Banyak orang percaya kalau kemampuan telekinesis tidak lebih dari
sebuah kekuatan supranatural yang berkaitan dengan aktifitas iblis.
Sebagian lagi menolak anggapan itu dan percaya kalau manusia
sesungguhnya diciptakan dengan menyimpan potensi kekuatan paranormal
yang menunggu untuk dibangkitkan.
Sekarang, kita akan melihat bagaimana telekinesis mewarnai dunia sains dan bagaimana kontroversi yang ditimbulkannya.
Psychokinesis/Telekinesis
Istilah Telekinesis pertama kali digunakan pada tahun 1890 oleh seorang
peneliti paranormal Rusia bernama Alexander N. Aksakof. Pada tahun
1914, istilah Psychokinesis digunakan oleh penulis Amerika bernama
Henry Holt yang kemudian diadopsi oleh sahabatnya, paranormal Amerika
bernama J.B. Rhine pada tahun 1934, untuk merujuk kepada kemampuan
mengubah hasil lemparan dadu.
Sejak itu, dua sebutan ini sama-sama digunakan untuk menyebut kemampuan
yang sama, yaitu kemampuan untuk mempengaruhi pergerakan sebuah benda
dari jarak jauh. Ini bisa meliputi mengangkat, menggetarkan,
membengkokkan, mematahkan atau menggerakkan benda hingga mengangkat
diri sendiri melayang di udara (levitation).

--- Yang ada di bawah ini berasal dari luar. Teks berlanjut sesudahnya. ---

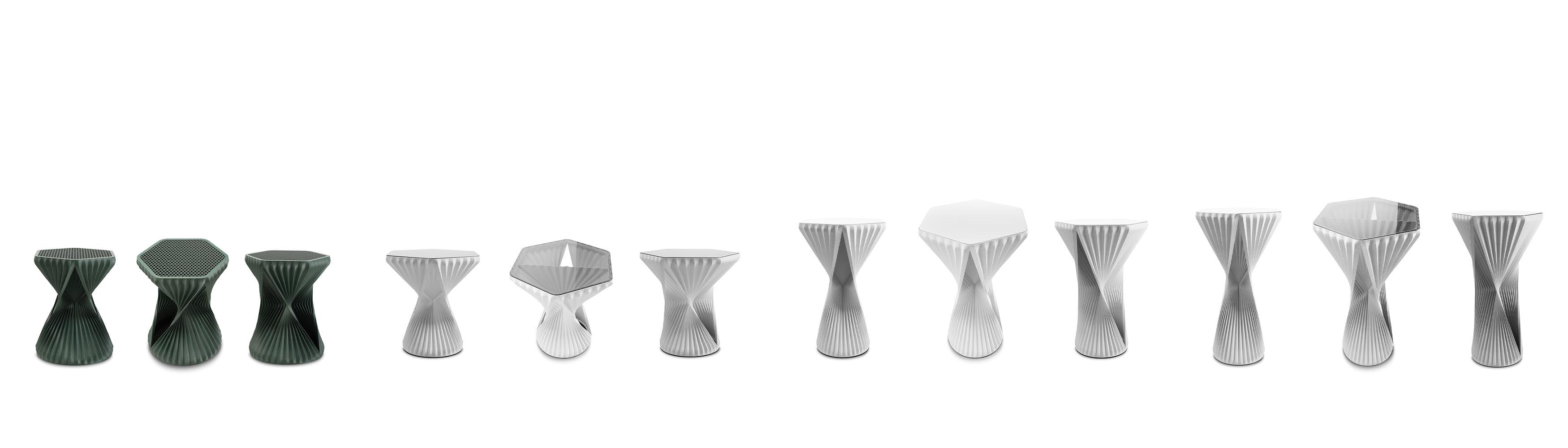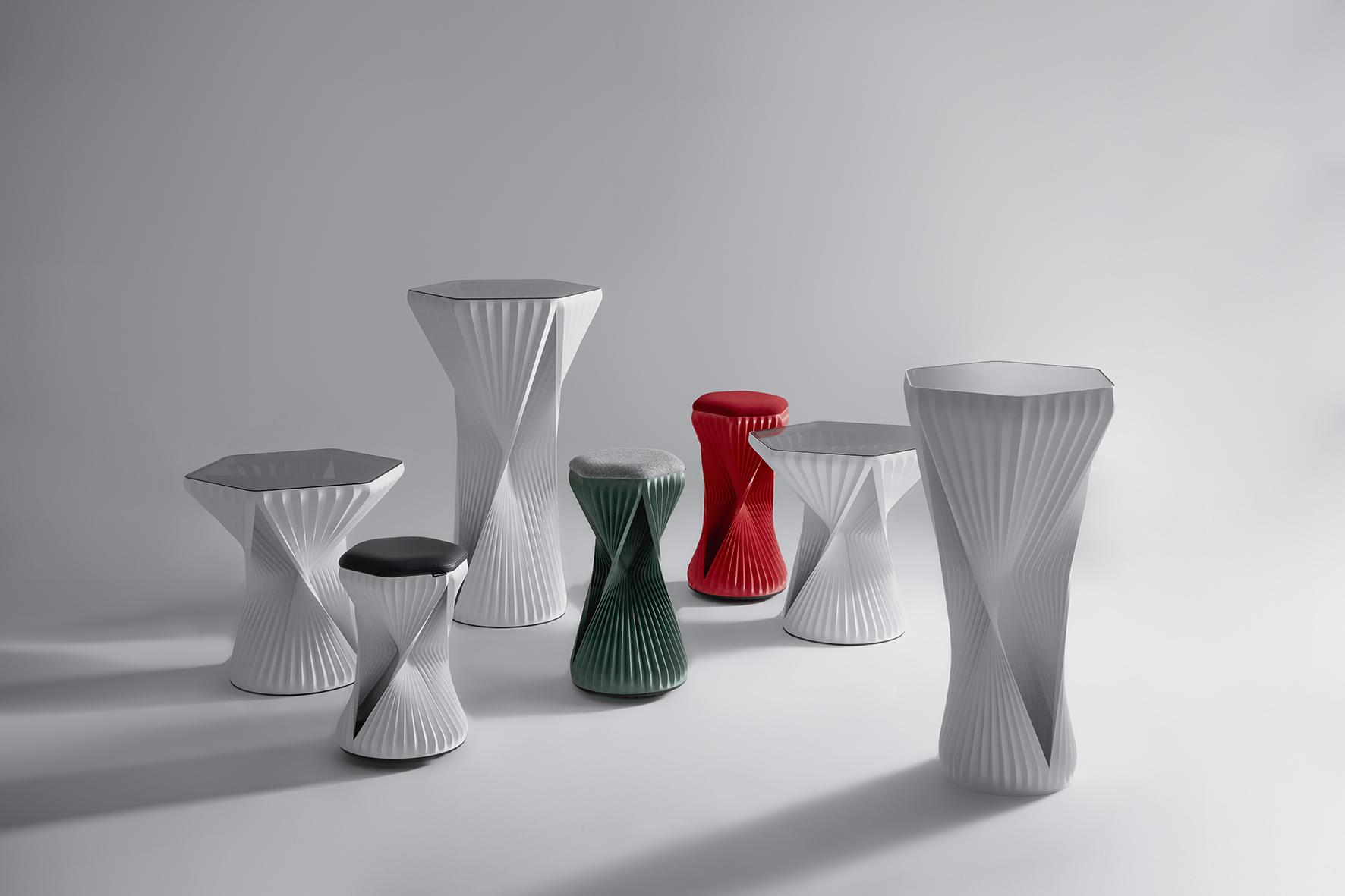 To match the stool, the innovative W3D table has now been launched, and with its four different table heights, it is the ideal product addition for the office, reception area or catering. The W3D collection has a parametric structure and takes the form of an artistic fold that stretches inwards and outwards like a textile.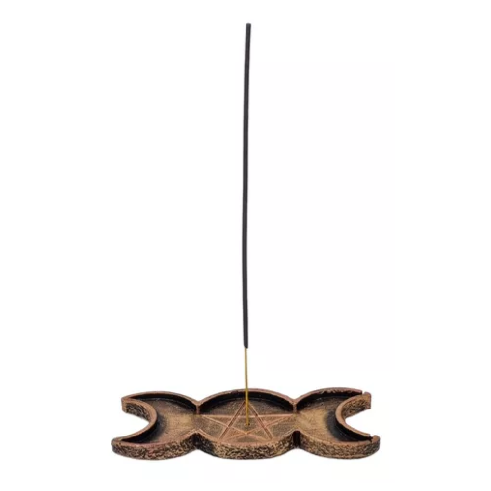 Adicione um toque de mistério e serenidade ao seu ambiente com o Incensário Fases da Lua. Esta peça única, esculpida em resina de alta qualidade, não só serve como um suporte para incensos, mas também como uma obra de arte que encanta e fascina.

Para peneliti dari komunitas parapsikologi lebih suka menggunakan
istilah Psychokinesis, sementara budaya populer seperti film dan buku
lebih suka menggunakan istilah telekinesis.
Konsep Psychokinesis (PK)
Konsep yang ada di balik
Psychokinesis/Telekinesis adalah argumen kalau semua benda memiliki
energi. Ini membuat kita dapat menggerakkan benda tersebut dengan cara
menghubungkan energi mental kita dengan energi benda tersebut.
Dengan latihan konsentrasi yang cukup rumit, seseorang disebut mampu
membangkitkan kekuatan itu, mulai dari menggerakkan hal-hal yang kecil
seperti atom (Mikro PK) hingga hal-hal yang lebih besar seperti sendok
(Makro PK).
Salah satu eksperimen yang berkaitan dengan mikro PK pernah dilakukan
di ruang bawah tanah Varian Physics Building di Stanford University.
Pada waktu itu, subjek eksperimen adalah seorang paranormal ternama
bernama Ingo Swann. Tujuan dari eksperimen ini adalah untuk mengetahui
apakah Ingo dapat mempengaruhi medan magnet yang diciptakan di dalam
sebuah ruangan tertutup di bawah lantai gedung.
Ketika Ingo mulai memfokuskan pikirannya pada medan magnet tersebut,
frekuensi osilasi pada magnetometer menjadi berlipat ganda selama
sekitar 30 detik. Walaupun Ingo gagal mematikan medan magnet tersebut,
namun eksperimen ini dianggap berhasil membuktikan adanya kemampuan
Psychokinesis Mikro pada manusia.
Ingo Swann kemudian menjadi salah seorang yang memegang peranan penting dalam proyek Stargate militer Amerika.
Lalu, bagaimana dengan Psychokinesis Makro?
Para Saksi Psychokinesis Makro
Michael Crichton, seorang penulis berkebangsaan Amerika yang menulis
novel laris Jurrasic Park mengklaim kalau ia pernah berhasil
membengkokkan sendok dengan pikirannya ketika ia sedang mengunjungi
sebuah "Pesta membengkokkan sendok". Ia mendeskripsikan pengalamannya
ini dalam bukunya yang berjudul Travels yang terbit tahun 1988:
"Saya melihat ke bawah. sendok
itu mulai membengkok. Saya bahkan tidak menyadarinya sebelumnya. Logam
itu menjadi lembut seperti sebuah plastik yang lunak. Sendok itu tidak
memanas sama sekali, hanya sedikit menghangat. Lalu, saya bisa
membengkokkan mulut sendok itu hanya dengan menggunakan ujung jari
saya. Ini tidak membutuhkan tenaga sama sekali. Saya menyingkirkan
sendok itu, lalu mencobanya lagi dengan sebuah garpu. Setelah menggosok
beberapa lama, garpu itu membengkok seperti pretzel. Sangat mudah. Saya
melihat ke sekeliling ruangan dan melihat anak-anak kecil berusia
delapan atau sembilan tahun membengkokkan logam-logam besar. Ini bukan
rekayasa karena mereka tidak bermaksud untuk menipu siapa-siapa."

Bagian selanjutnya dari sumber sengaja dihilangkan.